YOUR ASSIGNMENT: Your output should be the lines below from the one holding "鋸齒狀的吸音棉吊頂以及具有紋理效果的墻飾,營造了一方寧靜的陽臺空間。資料圖片" through the one holding "山东大学中心校区,医院CPR", transcribed exactly, with no pictures.

DATASET EXCERPTS:
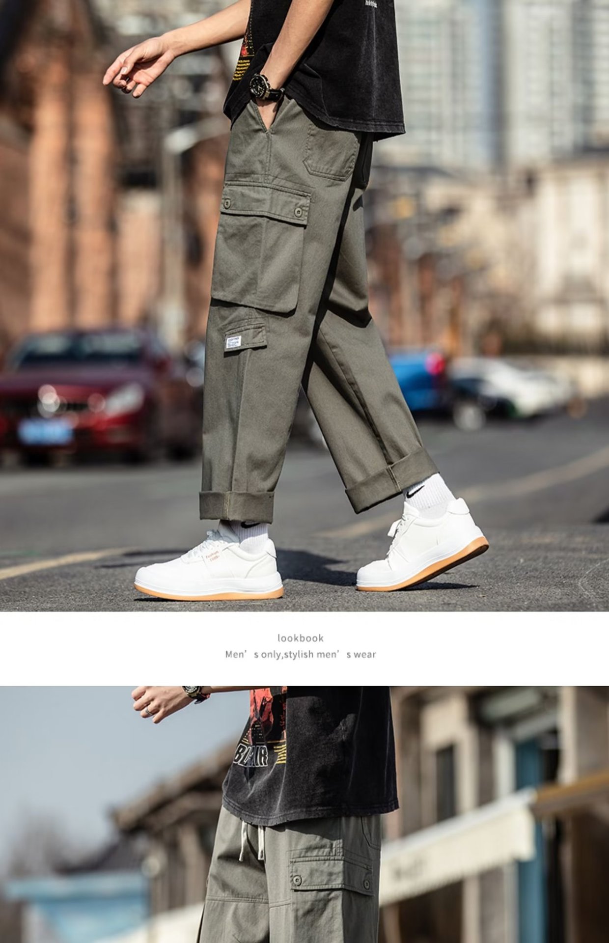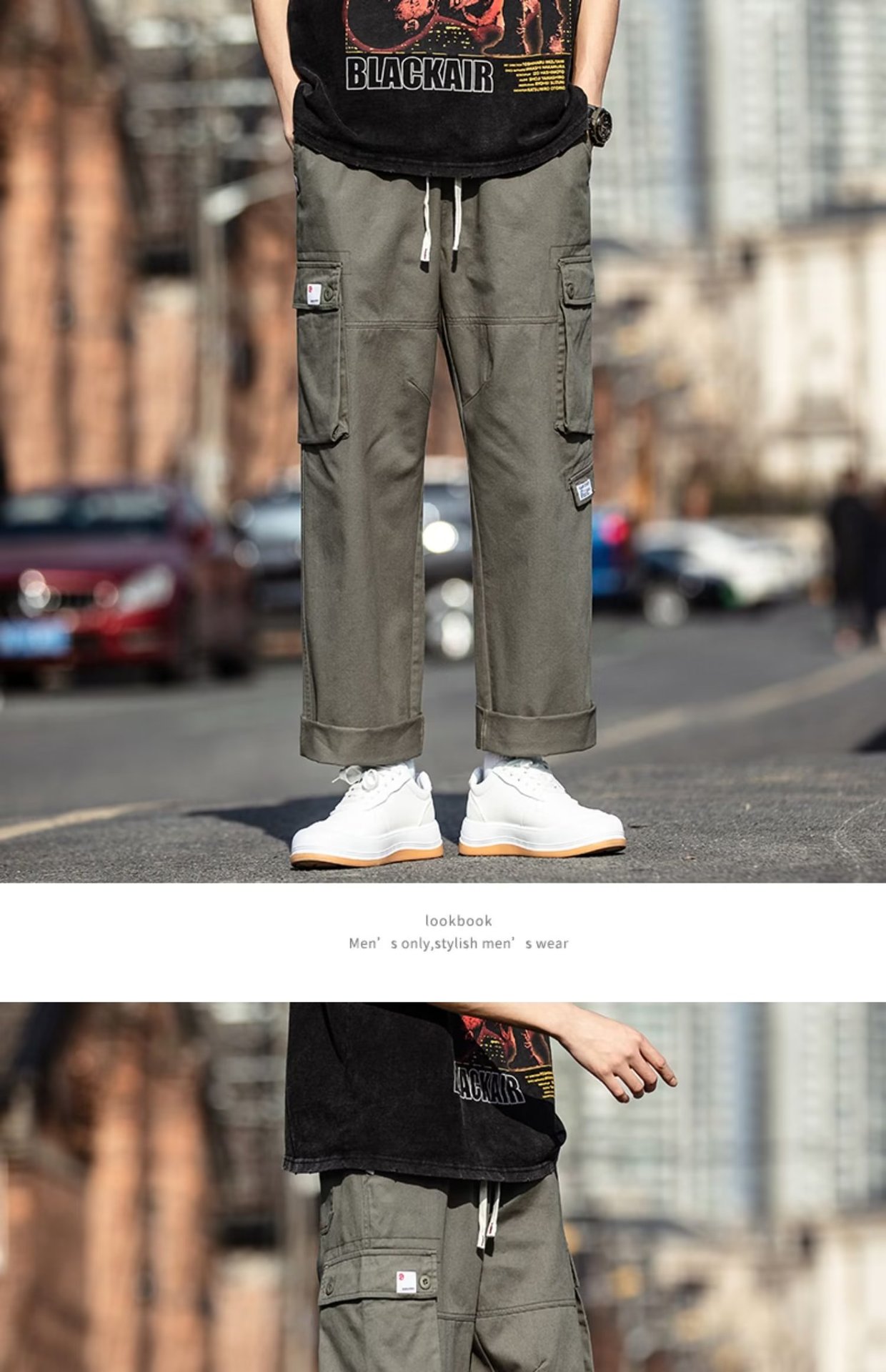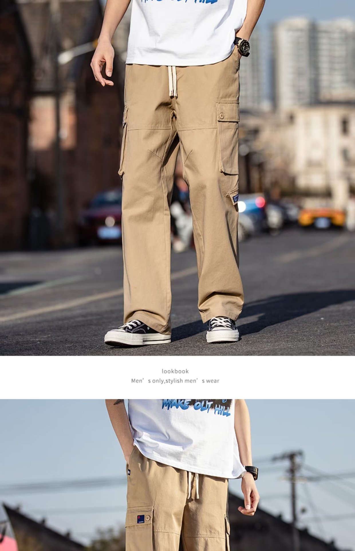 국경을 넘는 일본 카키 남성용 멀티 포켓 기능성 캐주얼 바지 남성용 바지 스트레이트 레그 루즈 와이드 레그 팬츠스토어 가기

==

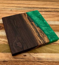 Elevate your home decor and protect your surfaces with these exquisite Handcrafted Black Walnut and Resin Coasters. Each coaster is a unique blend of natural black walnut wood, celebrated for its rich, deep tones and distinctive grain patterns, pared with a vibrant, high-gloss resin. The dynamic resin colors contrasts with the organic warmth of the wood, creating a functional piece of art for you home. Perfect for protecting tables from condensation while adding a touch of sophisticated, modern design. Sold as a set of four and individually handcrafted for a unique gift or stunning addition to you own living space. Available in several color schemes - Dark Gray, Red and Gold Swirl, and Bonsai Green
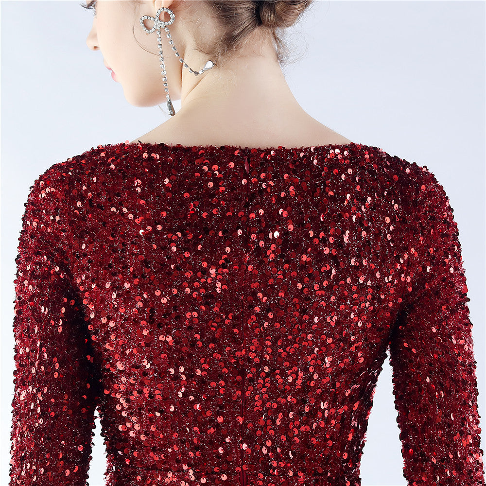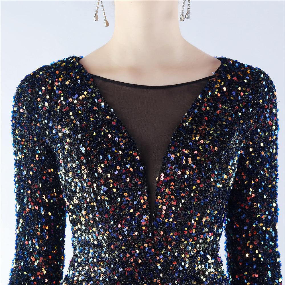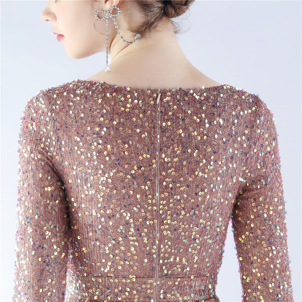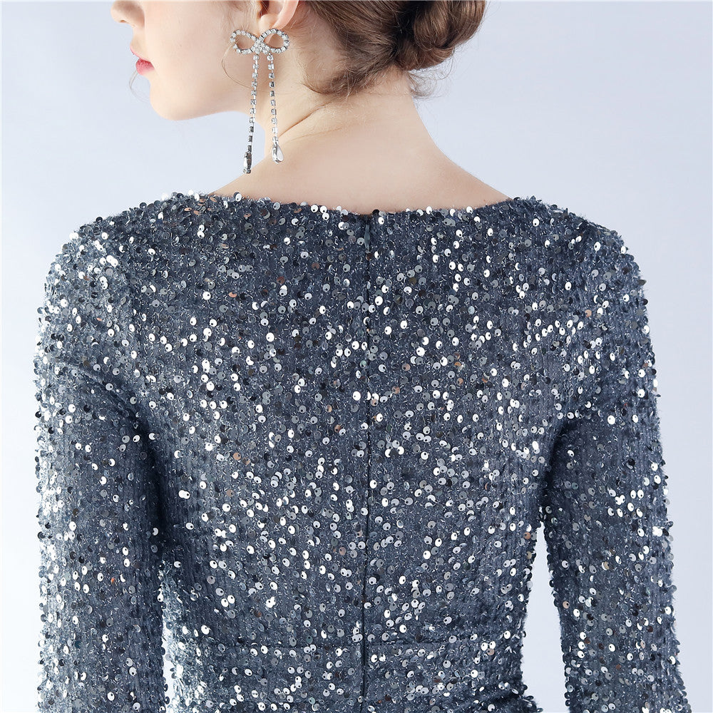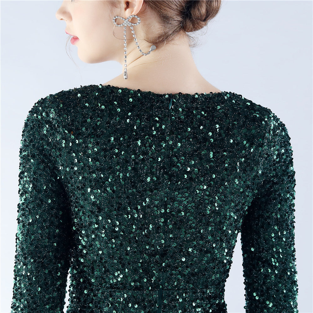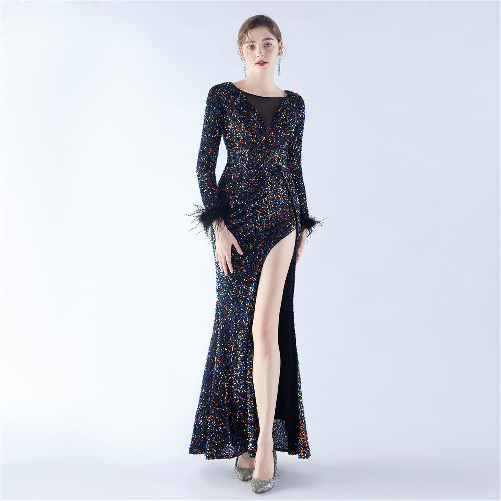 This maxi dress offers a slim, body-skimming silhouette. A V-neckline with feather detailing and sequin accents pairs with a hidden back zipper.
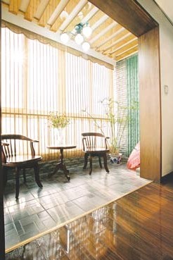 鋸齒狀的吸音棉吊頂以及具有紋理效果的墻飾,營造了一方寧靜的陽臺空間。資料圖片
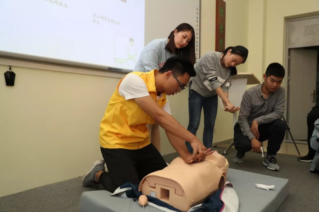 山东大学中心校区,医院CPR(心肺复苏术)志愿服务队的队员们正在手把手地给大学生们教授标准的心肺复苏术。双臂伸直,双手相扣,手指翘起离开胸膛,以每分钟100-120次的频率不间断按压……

YOUR SOLUTION:
 鋸齒狀的吸音棉吊頂以及具有紋理效果的墻飾,營造了一方寧靜的陽臺空間。資料圖片
 山东大学中心校区,医院CPR(心肺复苏术)志愿服务队的队员们正在手把手地给大学生们教授标准的心肺复苏术。双臂伸直,双手相扣,手指翘起离开胸膛,以每分钟100-120次的频率不间断按压……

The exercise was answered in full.